WORK INSTRUCTION
From the records below, take each line where the string "Cruz" shows up and copy it.

EXTRACTED RECORDS
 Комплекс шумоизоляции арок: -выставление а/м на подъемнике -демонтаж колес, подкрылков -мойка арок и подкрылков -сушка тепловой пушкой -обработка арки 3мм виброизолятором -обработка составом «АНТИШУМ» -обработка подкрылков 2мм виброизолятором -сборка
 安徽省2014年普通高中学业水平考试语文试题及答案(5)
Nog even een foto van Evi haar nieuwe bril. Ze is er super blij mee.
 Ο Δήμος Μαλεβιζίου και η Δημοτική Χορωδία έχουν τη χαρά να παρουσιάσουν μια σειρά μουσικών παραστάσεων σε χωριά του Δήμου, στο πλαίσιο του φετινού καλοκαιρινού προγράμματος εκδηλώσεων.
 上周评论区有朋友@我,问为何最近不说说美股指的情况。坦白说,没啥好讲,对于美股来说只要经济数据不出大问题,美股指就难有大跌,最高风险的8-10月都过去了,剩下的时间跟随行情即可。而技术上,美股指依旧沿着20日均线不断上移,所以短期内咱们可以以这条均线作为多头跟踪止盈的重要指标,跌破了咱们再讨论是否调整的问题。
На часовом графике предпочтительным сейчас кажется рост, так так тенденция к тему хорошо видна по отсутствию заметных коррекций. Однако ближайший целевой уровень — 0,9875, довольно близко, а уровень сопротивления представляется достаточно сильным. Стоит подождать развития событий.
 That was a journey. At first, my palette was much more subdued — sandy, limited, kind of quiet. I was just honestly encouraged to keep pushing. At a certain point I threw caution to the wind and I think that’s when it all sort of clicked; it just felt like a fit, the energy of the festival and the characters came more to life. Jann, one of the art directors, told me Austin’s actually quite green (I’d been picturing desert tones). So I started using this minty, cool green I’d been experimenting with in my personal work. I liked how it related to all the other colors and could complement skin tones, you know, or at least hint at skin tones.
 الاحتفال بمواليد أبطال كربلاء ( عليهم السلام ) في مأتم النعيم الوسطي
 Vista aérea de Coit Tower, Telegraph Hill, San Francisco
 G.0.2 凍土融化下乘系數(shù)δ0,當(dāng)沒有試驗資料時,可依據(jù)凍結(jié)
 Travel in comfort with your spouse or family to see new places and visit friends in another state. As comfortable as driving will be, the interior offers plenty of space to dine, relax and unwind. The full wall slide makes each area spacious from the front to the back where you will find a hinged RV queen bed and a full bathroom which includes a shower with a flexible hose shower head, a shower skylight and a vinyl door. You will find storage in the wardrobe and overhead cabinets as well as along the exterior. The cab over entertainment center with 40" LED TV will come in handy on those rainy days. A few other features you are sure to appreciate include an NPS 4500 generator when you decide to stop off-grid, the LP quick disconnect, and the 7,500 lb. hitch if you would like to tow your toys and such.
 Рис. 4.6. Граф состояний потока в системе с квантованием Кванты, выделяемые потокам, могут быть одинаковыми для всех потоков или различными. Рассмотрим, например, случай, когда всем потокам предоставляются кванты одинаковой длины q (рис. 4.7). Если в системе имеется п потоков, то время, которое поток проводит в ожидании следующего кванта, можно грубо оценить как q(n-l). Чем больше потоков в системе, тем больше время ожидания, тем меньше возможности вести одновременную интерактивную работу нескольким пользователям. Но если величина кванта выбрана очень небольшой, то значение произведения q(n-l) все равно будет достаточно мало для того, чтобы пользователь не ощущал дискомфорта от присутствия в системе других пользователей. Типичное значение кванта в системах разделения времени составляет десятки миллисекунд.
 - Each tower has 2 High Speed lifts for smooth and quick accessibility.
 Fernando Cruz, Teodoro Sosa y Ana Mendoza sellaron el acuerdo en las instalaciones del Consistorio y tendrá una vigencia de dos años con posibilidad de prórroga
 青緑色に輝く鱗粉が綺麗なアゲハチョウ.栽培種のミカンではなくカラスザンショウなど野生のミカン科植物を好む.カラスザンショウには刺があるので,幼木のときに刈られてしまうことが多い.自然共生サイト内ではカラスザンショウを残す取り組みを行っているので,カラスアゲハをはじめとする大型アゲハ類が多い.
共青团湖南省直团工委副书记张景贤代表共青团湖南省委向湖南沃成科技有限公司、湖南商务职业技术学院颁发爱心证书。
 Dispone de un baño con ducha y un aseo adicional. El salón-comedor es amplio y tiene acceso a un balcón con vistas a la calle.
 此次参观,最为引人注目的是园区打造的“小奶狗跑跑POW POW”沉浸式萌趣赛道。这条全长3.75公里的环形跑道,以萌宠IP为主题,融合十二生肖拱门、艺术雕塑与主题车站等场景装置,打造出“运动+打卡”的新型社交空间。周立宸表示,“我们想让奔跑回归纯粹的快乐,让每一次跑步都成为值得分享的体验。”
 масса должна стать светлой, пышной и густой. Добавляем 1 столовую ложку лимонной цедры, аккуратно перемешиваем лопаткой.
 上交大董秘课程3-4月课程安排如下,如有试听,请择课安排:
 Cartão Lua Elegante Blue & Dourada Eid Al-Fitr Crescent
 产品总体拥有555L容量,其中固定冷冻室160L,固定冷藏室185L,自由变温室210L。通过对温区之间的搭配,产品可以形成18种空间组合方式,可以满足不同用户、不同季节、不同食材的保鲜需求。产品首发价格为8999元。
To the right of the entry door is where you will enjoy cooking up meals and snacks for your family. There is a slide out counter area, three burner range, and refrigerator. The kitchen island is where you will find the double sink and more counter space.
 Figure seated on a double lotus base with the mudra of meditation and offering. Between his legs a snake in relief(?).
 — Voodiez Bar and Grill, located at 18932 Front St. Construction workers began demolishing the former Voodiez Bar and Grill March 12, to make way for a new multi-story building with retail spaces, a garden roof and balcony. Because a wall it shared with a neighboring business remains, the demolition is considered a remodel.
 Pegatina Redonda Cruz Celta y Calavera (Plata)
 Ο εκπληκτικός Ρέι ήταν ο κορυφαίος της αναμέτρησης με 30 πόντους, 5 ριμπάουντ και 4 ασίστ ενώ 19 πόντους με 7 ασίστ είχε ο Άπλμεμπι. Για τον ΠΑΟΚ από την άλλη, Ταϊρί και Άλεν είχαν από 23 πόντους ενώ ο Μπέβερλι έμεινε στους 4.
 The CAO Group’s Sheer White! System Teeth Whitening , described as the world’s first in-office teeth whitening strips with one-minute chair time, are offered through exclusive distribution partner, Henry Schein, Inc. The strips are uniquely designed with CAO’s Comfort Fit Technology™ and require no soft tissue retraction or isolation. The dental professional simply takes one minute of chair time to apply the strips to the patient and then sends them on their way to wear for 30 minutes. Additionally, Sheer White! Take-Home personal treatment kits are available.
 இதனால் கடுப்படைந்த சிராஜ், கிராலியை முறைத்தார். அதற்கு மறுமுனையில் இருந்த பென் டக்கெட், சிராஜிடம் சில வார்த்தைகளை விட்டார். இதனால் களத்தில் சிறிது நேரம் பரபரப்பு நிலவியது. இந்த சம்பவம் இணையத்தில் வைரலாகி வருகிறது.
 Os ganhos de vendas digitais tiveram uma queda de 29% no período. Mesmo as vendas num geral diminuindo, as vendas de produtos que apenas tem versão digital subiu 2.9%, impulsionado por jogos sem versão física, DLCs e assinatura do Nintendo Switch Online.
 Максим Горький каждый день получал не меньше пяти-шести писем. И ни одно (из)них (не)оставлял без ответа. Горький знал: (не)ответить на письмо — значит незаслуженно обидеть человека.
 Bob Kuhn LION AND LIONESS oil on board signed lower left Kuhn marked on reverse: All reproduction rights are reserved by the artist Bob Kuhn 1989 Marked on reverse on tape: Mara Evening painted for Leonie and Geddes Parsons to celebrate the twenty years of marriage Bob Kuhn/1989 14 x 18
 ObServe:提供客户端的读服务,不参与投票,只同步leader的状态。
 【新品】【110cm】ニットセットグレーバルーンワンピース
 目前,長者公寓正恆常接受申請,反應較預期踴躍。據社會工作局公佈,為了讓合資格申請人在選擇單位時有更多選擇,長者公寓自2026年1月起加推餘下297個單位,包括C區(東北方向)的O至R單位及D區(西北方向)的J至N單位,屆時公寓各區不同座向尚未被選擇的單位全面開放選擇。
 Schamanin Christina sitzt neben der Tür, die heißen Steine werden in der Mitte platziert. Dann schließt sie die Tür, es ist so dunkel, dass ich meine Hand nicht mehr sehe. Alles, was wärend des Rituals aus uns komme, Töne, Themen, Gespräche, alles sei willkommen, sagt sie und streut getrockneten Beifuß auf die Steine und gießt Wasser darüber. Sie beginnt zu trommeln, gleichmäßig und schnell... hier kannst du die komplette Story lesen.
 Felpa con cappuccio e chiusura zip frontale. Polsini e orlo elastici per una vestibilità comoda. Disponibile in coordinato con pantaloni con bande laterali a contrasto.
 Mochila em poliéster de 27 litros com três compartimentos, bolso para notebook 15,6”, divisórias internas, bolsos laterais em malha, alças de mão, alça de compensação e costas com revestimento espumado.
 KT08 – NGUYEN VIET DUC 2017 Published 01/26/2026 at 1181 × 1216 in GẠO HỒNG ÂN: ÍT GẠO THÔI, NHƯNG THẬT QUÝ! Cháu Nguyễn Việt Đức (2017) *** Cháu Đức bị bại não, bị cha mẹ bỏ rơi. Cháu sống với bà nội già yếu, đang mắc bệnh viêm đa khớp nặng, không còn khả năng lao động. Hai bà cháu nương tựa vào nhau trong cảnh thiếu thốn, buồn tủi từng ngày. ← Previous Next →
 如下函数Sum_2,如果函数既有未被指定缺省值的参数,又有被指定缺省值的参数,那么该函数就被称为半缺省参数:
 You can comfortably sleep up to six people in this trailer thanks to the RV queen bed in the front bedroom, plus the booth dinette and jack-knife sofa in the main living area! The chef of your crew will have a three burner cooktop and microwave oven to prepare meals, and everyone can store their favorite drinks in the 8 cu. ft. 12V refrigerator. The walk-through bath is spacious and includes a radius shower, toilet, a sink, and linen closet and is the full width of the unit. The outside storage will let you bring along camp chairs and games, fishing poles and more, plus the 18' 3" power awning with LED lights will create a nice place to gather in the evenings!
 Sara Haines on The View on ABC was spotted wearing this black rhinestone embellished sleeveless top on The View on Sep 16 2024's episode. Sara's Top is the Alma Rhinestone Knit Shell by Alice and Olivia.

SOLUTION TO THIS PROBLEM
 Fernando Cruz, Teodoro Sosa y Ana Mendoza sellaron el acuerdo en las instalaciones del Consistorio y tendrá una vigencia de dos años con posibilidad de prórroga
 Pegatina Redonda Cruz Celta y Calavera (Plata)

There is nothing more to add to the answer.